Work to complete: Give every line of the material back exactly, images removed.

(Data provided Opens)

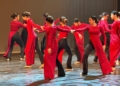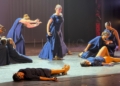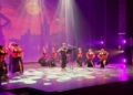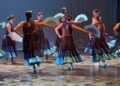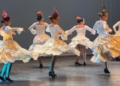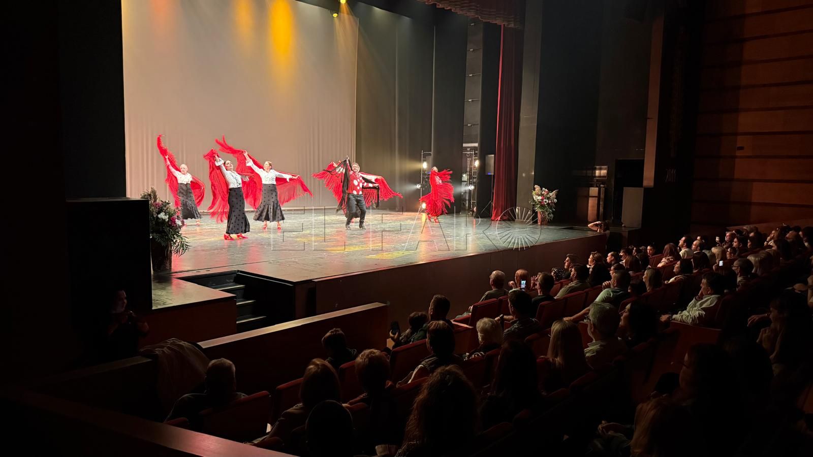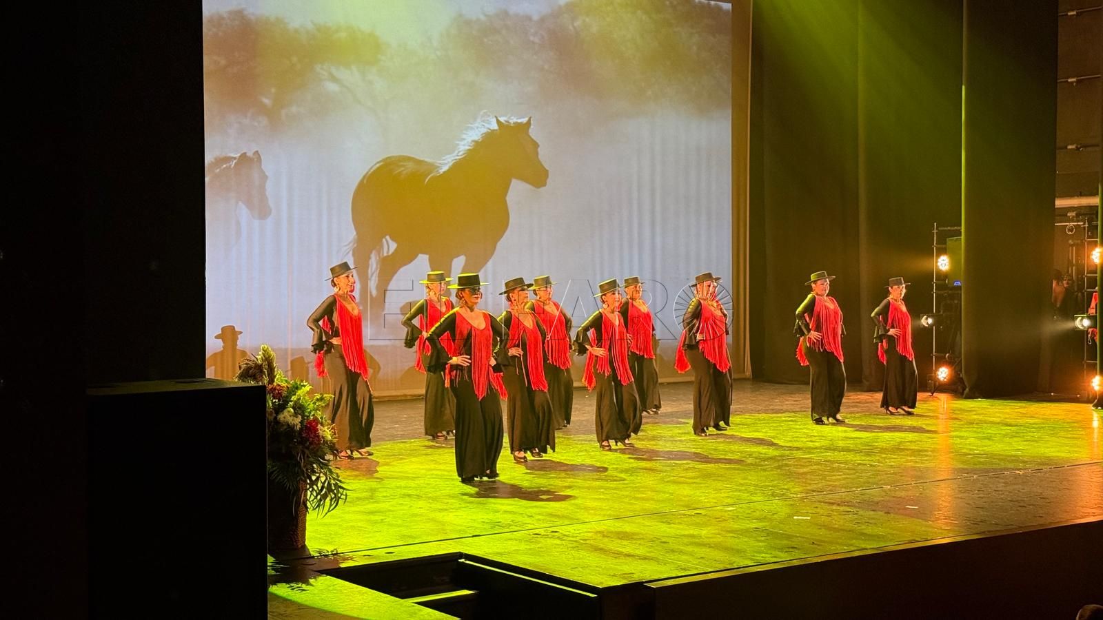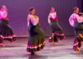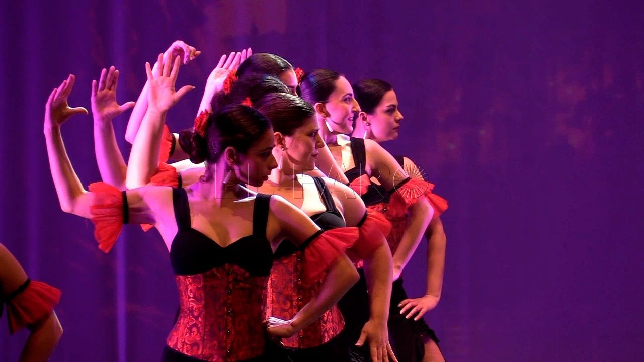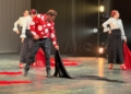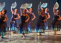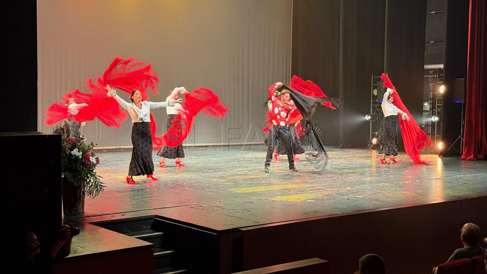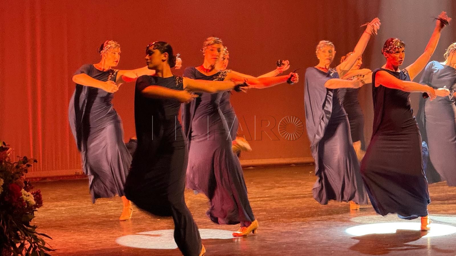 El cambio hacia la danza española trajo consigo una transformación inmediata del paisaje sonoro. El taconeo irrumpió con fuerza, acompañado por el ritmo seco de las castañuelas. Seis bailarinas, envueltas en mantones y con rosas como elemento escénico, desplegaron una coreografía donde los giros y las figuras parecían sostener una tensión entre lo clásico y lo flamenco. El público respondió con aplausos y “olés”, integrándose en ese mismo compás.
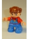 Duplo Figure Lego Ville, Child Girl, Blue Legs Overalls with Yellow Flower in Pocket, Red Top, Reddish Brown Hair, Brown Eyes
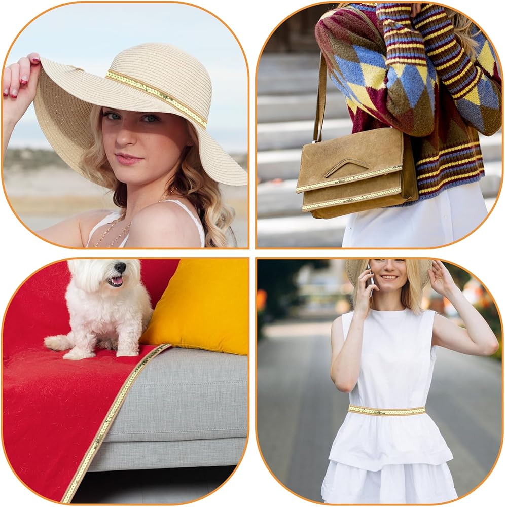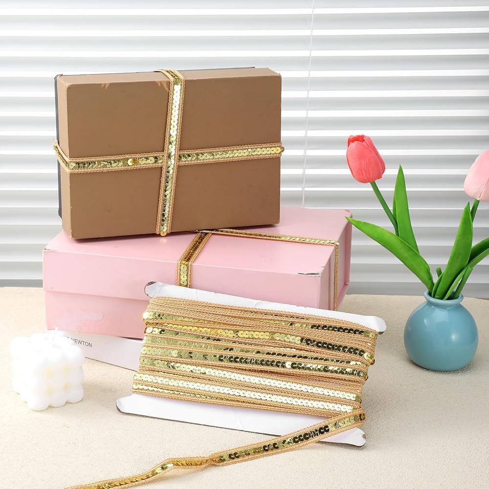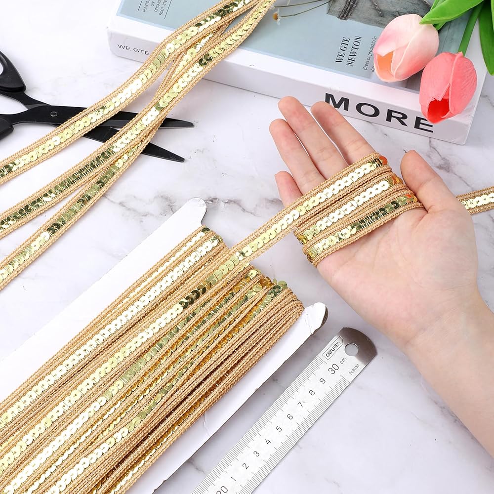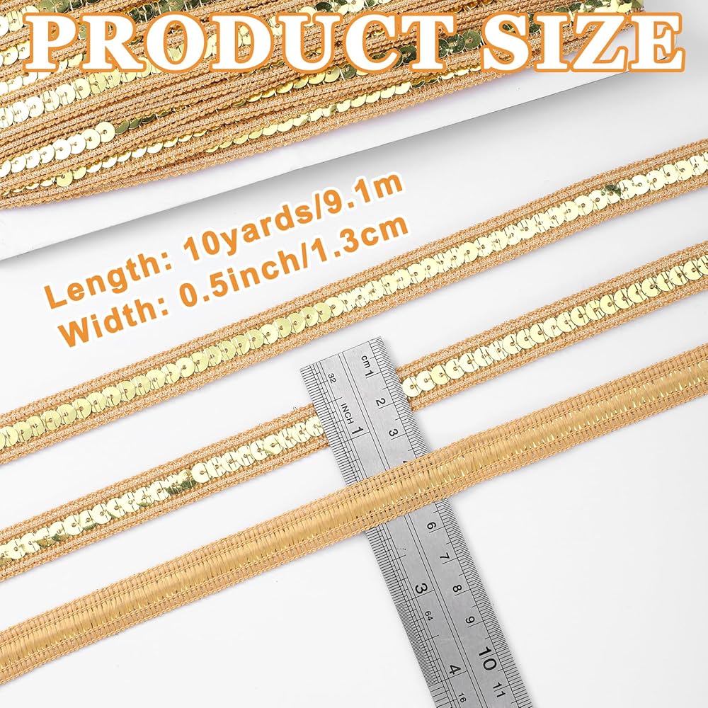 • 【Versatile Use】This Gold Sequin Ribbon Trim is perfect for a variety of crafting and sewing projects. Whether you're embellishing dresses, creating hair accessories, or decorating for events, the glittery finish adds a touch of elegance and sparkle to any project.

(Data provided Closes)

The answer:
 El cambio hacia la danza española trajo consigo una transformación inmediata del paisaje sonoro. El taconeo irrumpió con fuerza, acompañado por el ritmo seco de las castañuelas. Seis bailarinas, envueltas en mantones y con rosas como elemento escénico, desplegaron una coreografía donde los giros y las figuras parecían sostener una tensión entre lo clásico y lo flamenco. El público respondió con aplausos y “olés”, integrándose en ese mismo compás.
 Duplo Figure Lego Ville, Child Girl, Blue Legs Overalls with Yellow Flower in Pocket, Red Top, Reddish Brown Hair, Brown Eyes
 • 【Versatile Use】This Gold Sequin Ribbon Trim is perfect for a variety of crafting and sewing projects. Whether you're embellishing dresses, creating hair accessories, or decorating for events, the glittery finish adds a touch of elegance and sparkle to any project.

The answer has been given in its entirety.